== Segment start ==

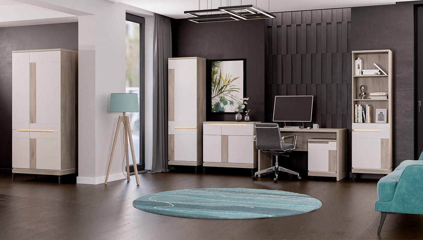 Aston AN02 to doskonały wybór dla osób poszukujących praktycznych i stylowych rozwiązań do biura, salonu i sypialni. Kompozycja kolorystyczna – kaszmir w zestawieniu z dębem cremona pozwala na stworzenie harmonijnej aranżacji, która równoważy nowoczesność z elementami tradycyjnego designu. Dzięki temu Twoje wnętrze nabierze indywidualnego charakteru i będzie zachwycać swoim wyglądem.
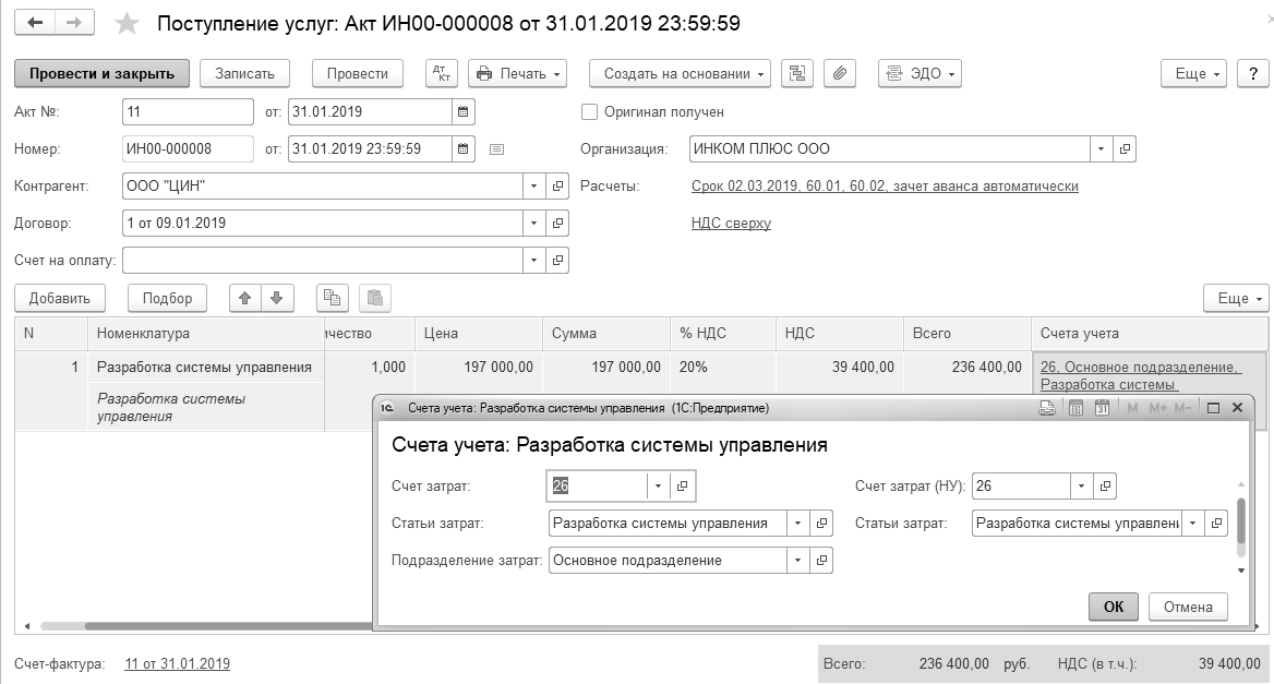 31.01.2019 года по акту № 11 ООО "ЦИН" осуществляет разработку системы управления организации "ИНКОМ ПЛЮС". Цена услуги за январь 2019 года составила 197 000 рублей (НДС 20% сверху). Договор № 1 от 09.01.2019 года. Организацией "ЦИН" представлен счет–фактура № 11 от 31.01.2019 года на сумму 236 400 руб. Затраты списываются на счет 26 на основное подразделение по статье затрат – "Разработка системы управления".
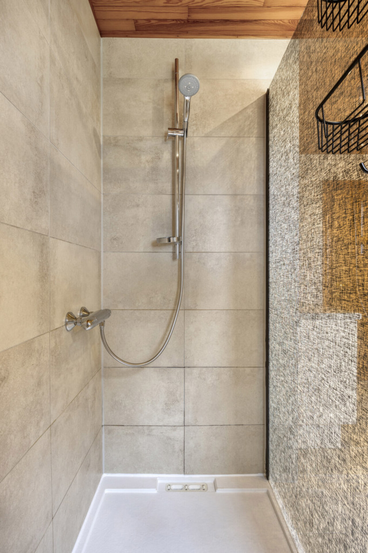 Verder treffen we nog een grote berging met zijingang, een apart toilet en de badkamer, die is uitgerust met een inloopdouche en een wastafelmeubel.
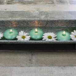 This flat bottom terrarium dish measures 8″ wide x 3″ tall. Candles and accessories sold separately. Â
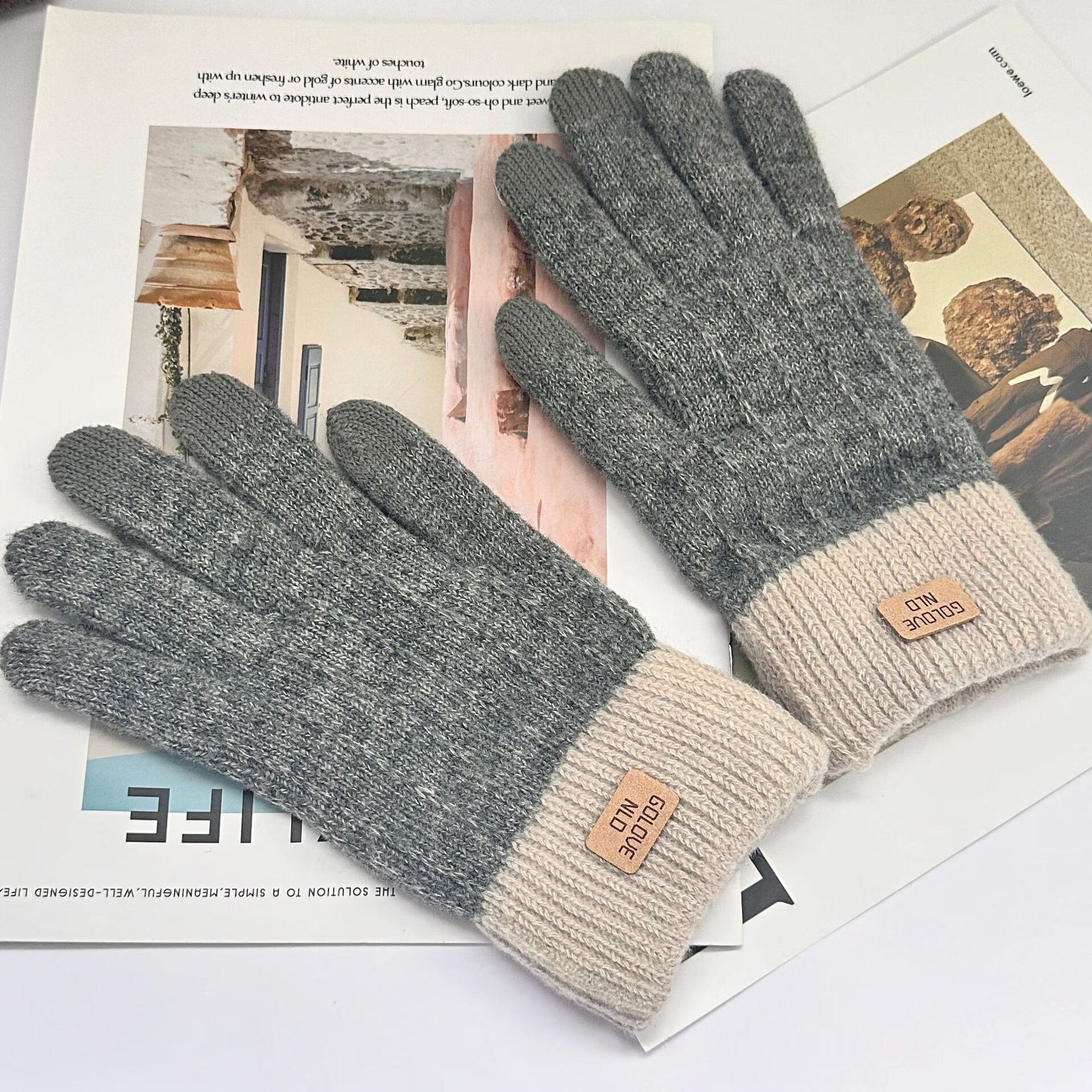 酇園韩国保暖触屏手套女士冬季针织加绒加厚学生骑行防风防寒纯色 灰色 均码
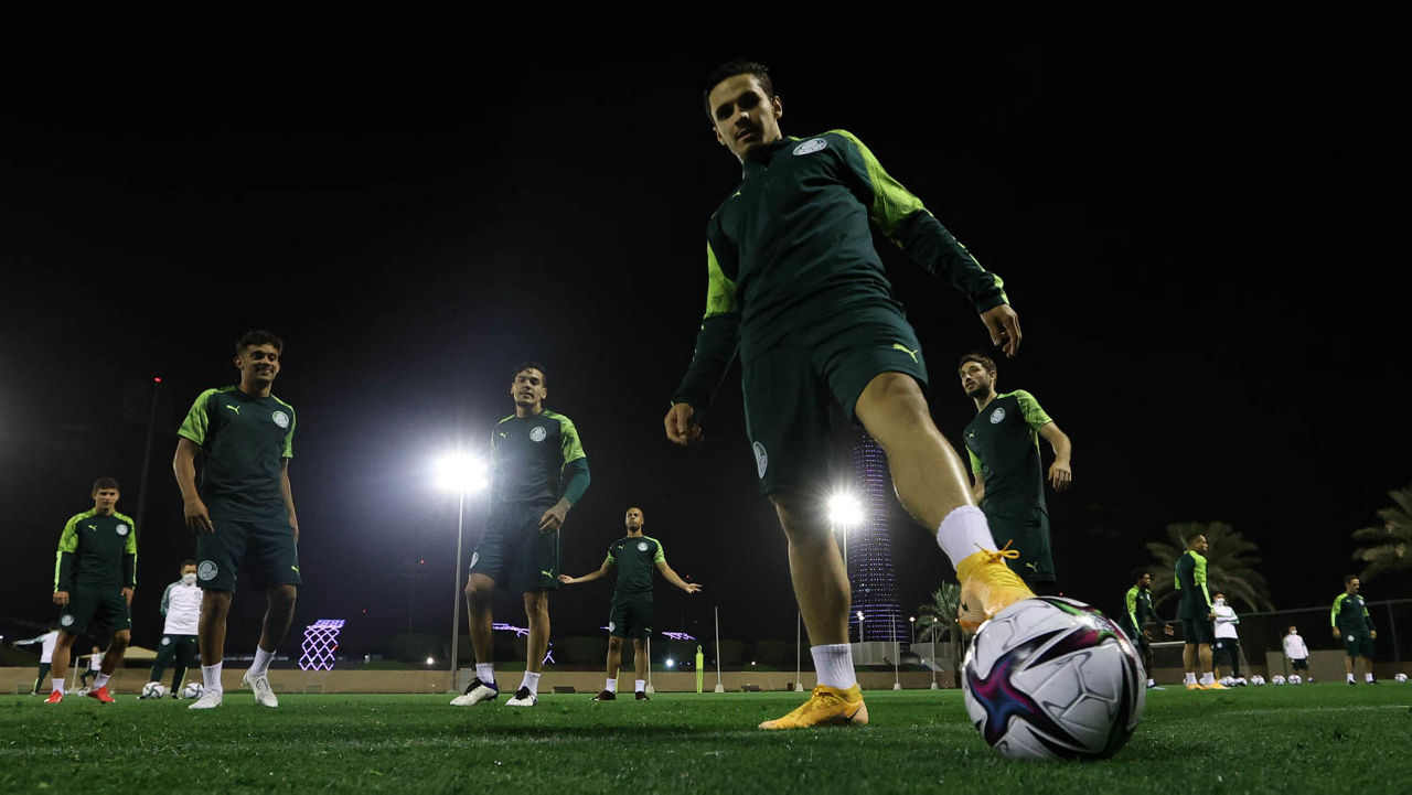 O Verdão realizou na noite deste sábado (06), em um dos campos da Aspire Academy, em Doha, no Catar, mais um treino visando o confronto com o Tigres-MEX, no domingo, às 15h (de Brasília), no Estádio Education City, pela semifinal da Copa do Mundo de Clubes da FIFA.
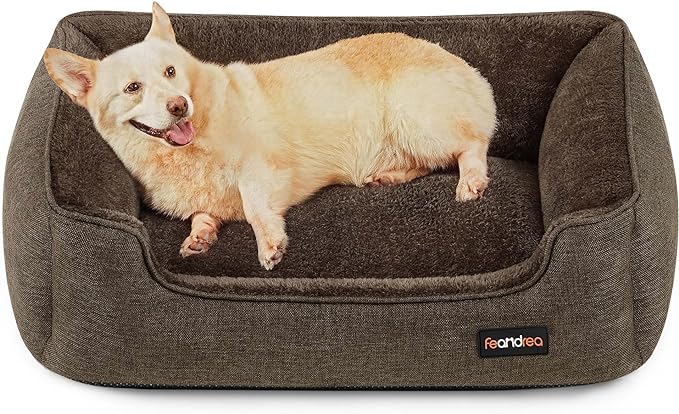 hondenbed, grote hondenbank, overtrek afneembaar en wasbaar in de machine, bruin
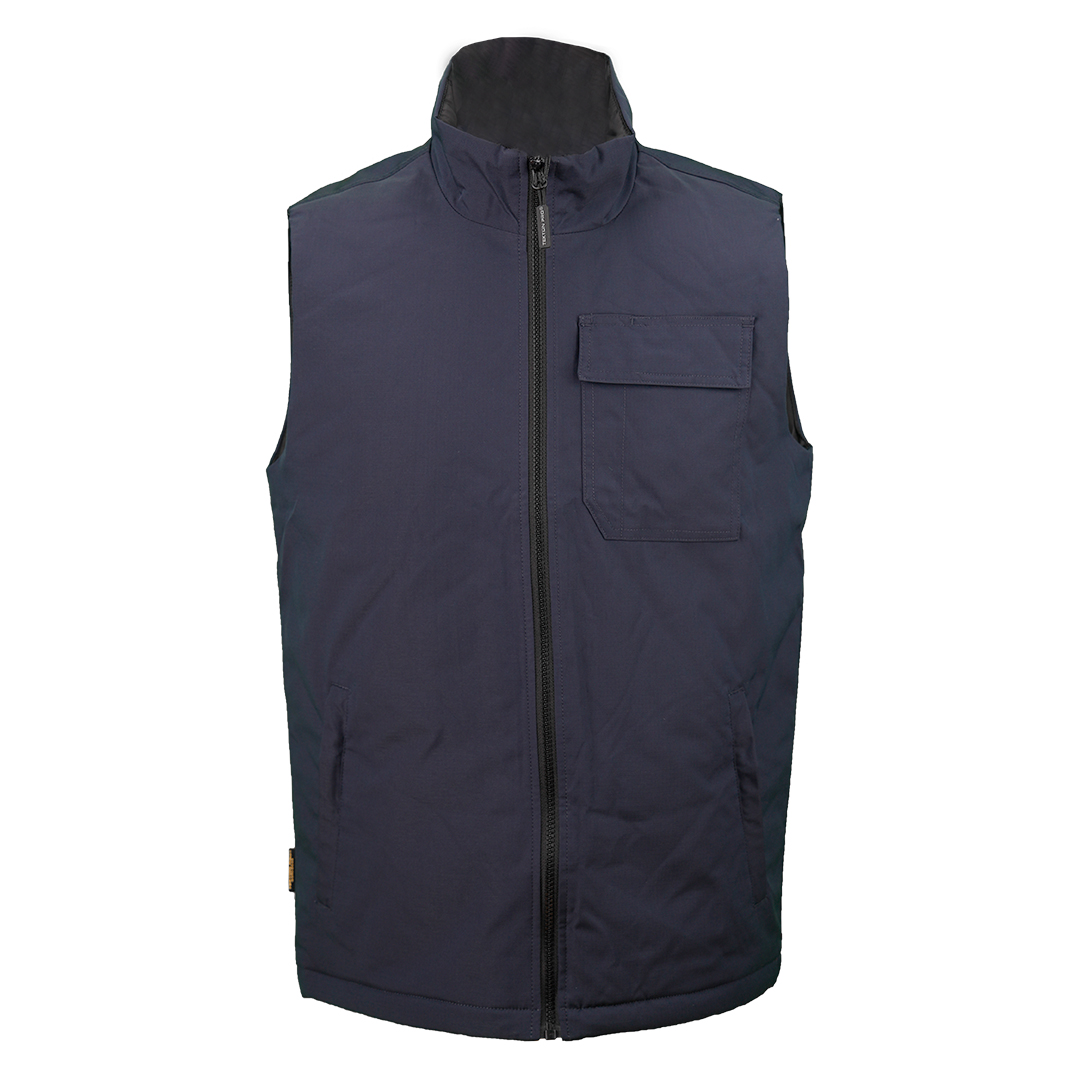 Radni prsluk sa visokom kragnom, od izdržljivog ripstop materijala, džep sa preklopom na grudima, dva prednja džepa i unutrašnji džep

== Segment end ==

**INSTRUCTIONS TO FOLLOW**
A word-for-word copy of the records is needed, with no pictures carried over.

**SOLUTION FOR THIS TASK**
 Aston AN02 to doskonały wybór dla osób poszukujących praktycznych i stylowych rozwiązań do biura, salonu i sypialni. Kompozycja kolorystyczna – kaszmir w zestawieniu z dębem cremona pozwala na stworzenie harmonijnej aranżacji, która równoważy nowoczesność z elementami tradycyjnego designu. Dzięki temu Twoje wnętrze nabierze indywidualnego charakteru i będzie zachwycać swoim wyglądem.
 31.01.2019 года по акту № 11 ООО "ЦИН" осуществляет разработку системы управления организации "ИНКОМ ПЛЮС". Цена услуги за январь 2019 года составила 197 000 рублей (НДС 20% сверху). Договор № 1 от 09.01.2019 года. Организацией "ЦИН" представлен счет–фактура № 11 от 31.01.2019 года на сумму 236 400 руб. Затраты списываются на счет 26 на основное подразделение по статье затрат – "Разработка системы управления".
 Verder treffen we nog een grote berging met zijingang, een apart toilet en de badkamer, die is uitgerust met een inloopdouche en een wastafelmeubel.
 This flat bottom terrarium dish measures 8″ wide x 3″ tall. Candles and accessories sold separately. Â
 酇園韩国保暖触屏手套女士冬季针织加绒加厚学生骑行防风防寒纯色 灰色 均码
 O Verdão realizou na noite deste sábado (06), em um dos campos da Aspire Academy, em Doha, no Catar, mais um treino visando o confronto com o Tigres-MEX, no domingo, às 15h (de Brasília), no Estádio Education City, pela semifinal da Copa do Mundo de Clubes da FIFA.
 hondenbed, grote hondenbank, overtrek afneembaar en wasbaar in de machine, bruin
 Radni prsluk sa visokom kragnom, od izdržljivog ripstop materijala, džep sa preklopom na grudima, dva prednja džepa i unutrašnji džep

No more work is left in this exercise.